To do ▸
Beginning with the line containing "SN: NMH49543. Modern" and going on through the line containing "とり肉と根菜のかみかみ揚げに", the lines below are to be returned exactly, pictures excluded and nothing added.

━━━━━ Data for the task

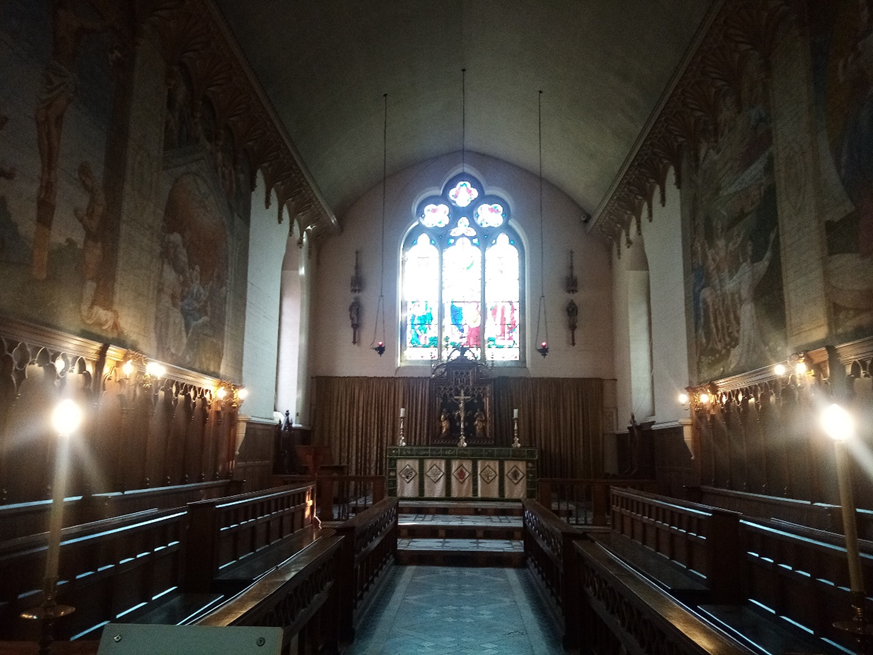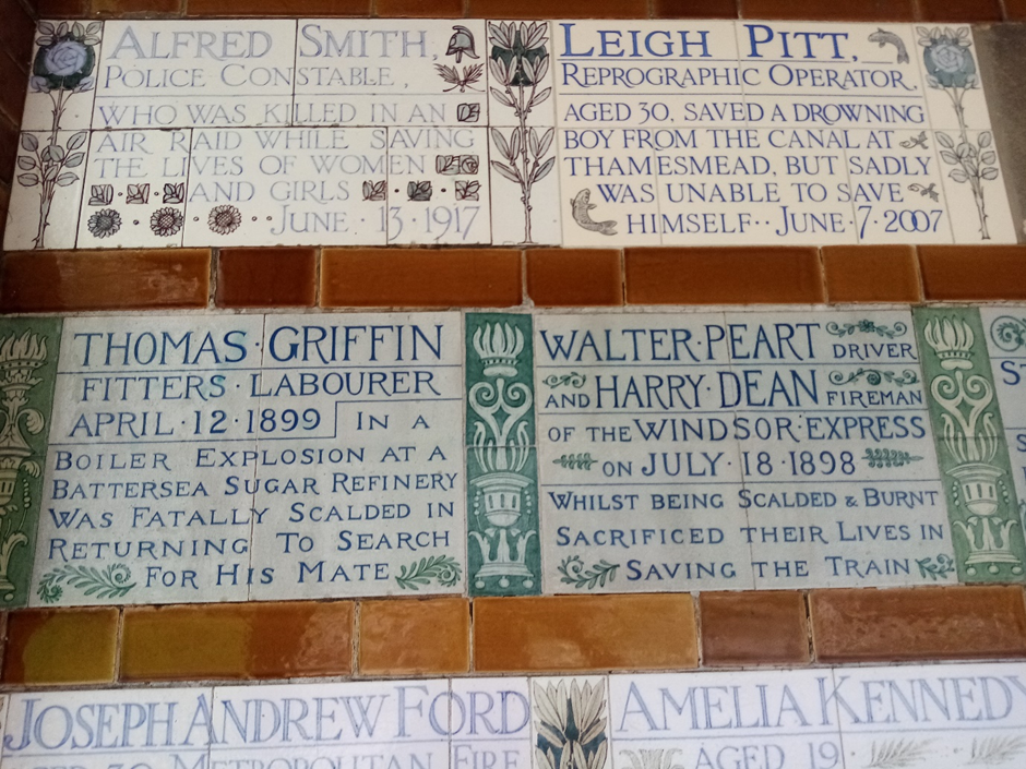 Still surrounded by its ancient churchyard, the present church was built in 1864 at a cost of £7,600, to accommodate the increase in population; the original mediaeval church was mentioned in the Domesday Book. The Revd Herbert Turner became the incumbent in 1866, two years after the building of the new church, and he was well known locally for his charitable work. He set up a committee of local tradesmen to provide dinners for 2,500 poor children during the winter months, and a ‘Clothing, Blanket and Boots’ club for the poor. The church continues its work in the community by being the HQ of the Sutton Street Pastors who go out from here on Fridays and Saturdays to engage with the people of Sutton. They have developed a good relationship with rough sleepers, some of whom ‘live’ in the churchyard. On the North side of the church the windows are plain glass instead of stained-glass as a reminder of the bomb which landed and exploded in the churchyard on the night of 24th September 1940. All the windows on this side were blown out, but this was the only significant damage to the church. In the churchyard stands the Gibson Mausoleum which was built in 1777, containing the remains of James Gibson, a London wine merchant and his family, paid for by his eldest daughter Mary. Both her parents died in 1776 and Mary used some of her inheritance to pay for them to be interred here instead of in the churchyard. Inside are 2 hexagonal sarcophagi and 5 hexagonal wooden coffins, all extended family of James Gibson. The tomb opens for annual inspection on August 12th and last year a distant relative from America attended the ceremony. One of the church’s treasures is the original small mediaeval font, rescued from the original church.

━━━━━━━━━━
━━━━━ Data for the task

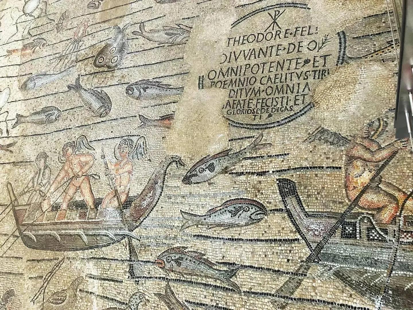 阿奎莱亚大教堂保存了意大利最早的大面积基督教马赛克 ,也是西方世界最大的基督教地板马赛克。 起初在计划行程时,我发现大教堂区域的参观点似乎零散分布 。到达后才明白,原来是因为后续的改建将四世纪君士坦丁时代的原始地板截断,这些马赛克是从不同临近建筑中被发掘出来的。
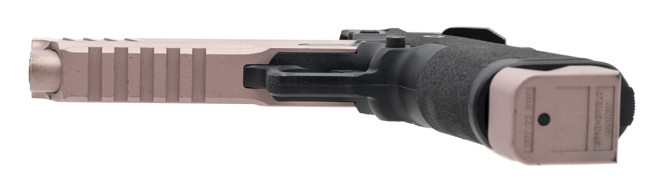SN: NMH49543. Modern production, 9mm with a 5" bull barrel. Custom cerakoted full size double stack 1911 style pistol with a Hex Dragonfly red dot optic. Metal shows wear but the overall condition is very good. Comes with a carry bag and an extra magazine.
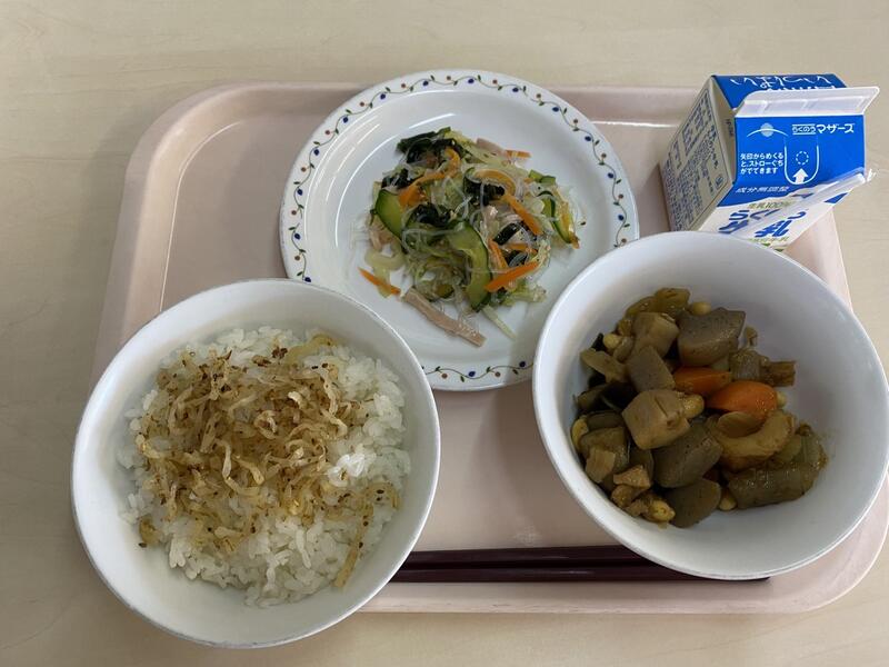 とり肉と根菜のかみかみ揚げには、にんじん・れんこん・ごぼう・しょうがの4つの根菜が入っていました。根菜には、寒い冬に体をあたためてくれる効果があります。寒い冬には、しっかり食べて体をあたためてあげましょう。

━━━━━━━━━━
━━━━━ Data for the task

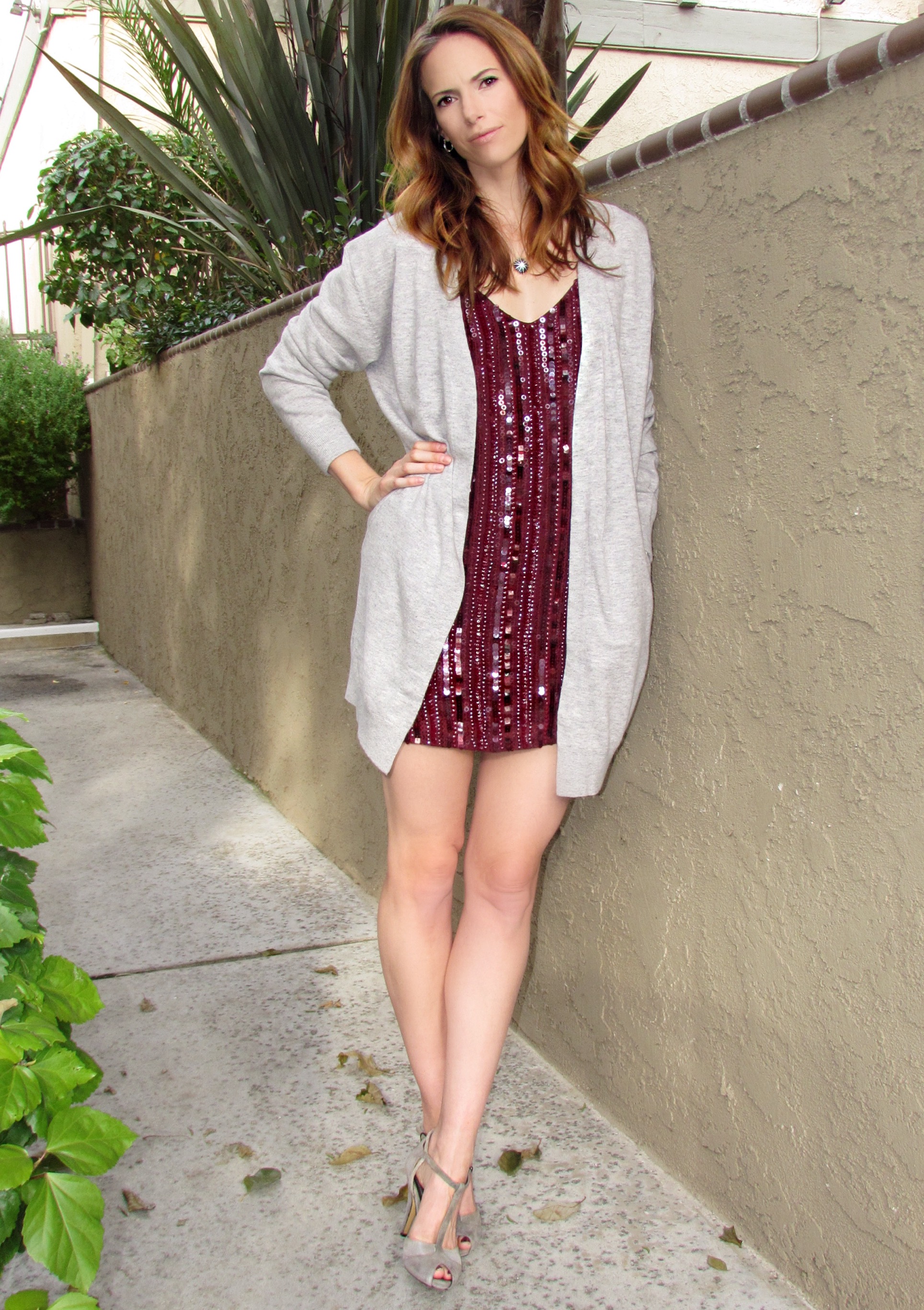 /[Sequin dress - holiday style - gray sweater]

━━━━━━━━━━

Task answer ▸
SN: NMH49543. Modern production, 9mm with a 5" bull barrel. Custom cerakoted full size double stack 1911 style pistol with a Hex Dragonfly red dot optic. Metal shows wear but the overall condition is very good. Comes with a carry bag and an extra magazine.
 とり肉と根菜のかみかみ揚げには、にんじん・れんこん・ごぼう・しょうがの4つの根菜が入っていました。根菜には、寒い冬に体をあたためてくれる効果があります。寒い冬には、しっかり食べて体をあたためてあげましょう。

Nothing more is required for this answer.